Actualité : Fini les smartphones “neutres en carbone” et autres gadgets “favorables à l’environnement” : l’UE va serrer la vis sur le greenwashing dès le mois prochain
Vous avez peut-être déjà acheté une montre connectée " neutre en carbone " ou un téléphone " respectueux de l’environnement ". Ce ne sera bientôt plus possible. En effet, à partir du 27 septembre prochain, une nouvelle directive européenne censée limiter les " allégations environnementales trompeuses " va entrer en vigueur pour mettre de l’ordre dans ce milieu. Bref, Bruxelles s’attaque enfin au greenwashing.
La directive 202/825 de son petit nom balaie large et s’attaque aussi bien aux faux labels écolos qu’au sujet de la compensation carbone et aux promesses un peu trop belles pour être vraies.
La mesure qui risque de toucher le plus frontalement le milieu du numérique est celle qui vise à interdire les allégations " qui se fonderaient sur la compensation des émissions de gaz à effet de serre pour affirmer qu’un produit a une incidence neutre, réduite ou positive sur l’environnement ". Fini les produits " neutre pour le climat ", à " bilan carbone positif " ou " climatiquement compensé " grâce à des investissements dans des projets de développement durable.
Pendant de longues années, les GAFAM ont pourtant été friands de ce genre de pratiques qui " donne l’impression erronée que la consommation de ce produit n’a pas d’incidence sur l’environnement ", pointe Bruxelles. C’est ce qui permettait à Apple d’affirmer que son Apple Watch Series 9 était " neutre en carbone " et à Google d’afficher un petit logo " 100 % renouvelable " sur sa page d’accueil.
Dans le même ordre d’idées, les promesses un peu trop floues sur les caractéristiques environnementales du produit seront aussi à proscrire. Plus question, par exemple, d’afficher un " fabriqué avec des matériaux recyclés " quand seul l’emballage l’est vraiment . Idem pour les termes fourre-tout comme " respectueux de l’environnement ", " respectueux de la nature ", " vert ", " écologique " ou " bon pour l’environnement ". Pour afficher ces promesses, un constructeur devra afficher clairement les " spécifications des allégations environnementales " relatives à son produit et ces dernières devront être conformes aux règles de Bruxelles et des pays membres. Autant dire que peu d'industriels s'y risqueront.

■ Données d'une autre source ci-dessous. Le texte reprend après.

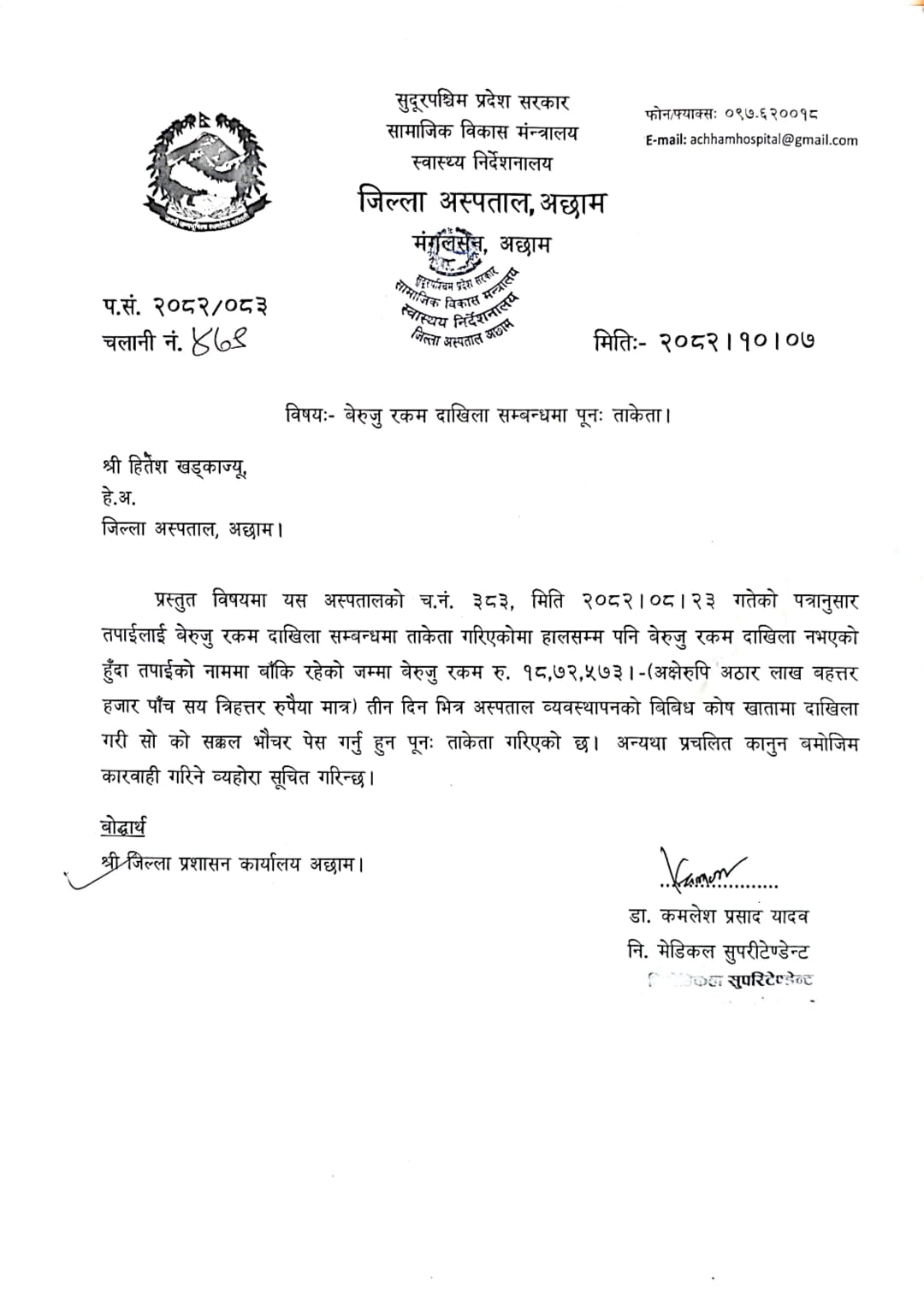 तर, त्यही अस्पतालको स्टोर र क्यास काउन्टरबाट झन्डै ७० लाख रुपैयाँ बराबरको नगद र औषधि रहस्यमय ढङ्गले गायब पारिएको छ। यो लुटतन्त्रको कथा यतिमा मात्र सीमित छैन; भ्रष्टाचारको यो जालो सिधै सुदूरपश्चिम प्रदेशको मुख्यमन्त्री कार्यालय र सामाजिक विकास मन्त्रालयको शक्ति केन्द्रसम्म पुगेर जोडिएको छ।

Moins directement liés aux mondes de la technologie, les labels liés au " développement durable " qui fleurissent sur tous les produits, mais qui sont très rarement liés à des méthodologies reconnues et validés scientifiquement seront à bannir aussi. Seuls ceux " fondés sur un système de certification " ou qui ont été mis en place par des autorités publiques resteront autorisés. De quoi faire de la place sur les emballages en supermarché.
Si bon nombre d’acteurs importants ont déjà entamé cette transition en retouchant la formulation de leurs communiqués ou la présentation de leurs fiches produits (sans forcément changer leurs pratiques pour autant), cette mise au clair ne semble pas s’être faite de bon cœur. Sarah Chandler, responsable de l’environnement chez Apple, regrettait l'année dernière auprès de Fast Company de ne pas pouvoir parler de ce sujet " à l’échelle de chaque produit ", ce que la directive n’interdit pourtant pas.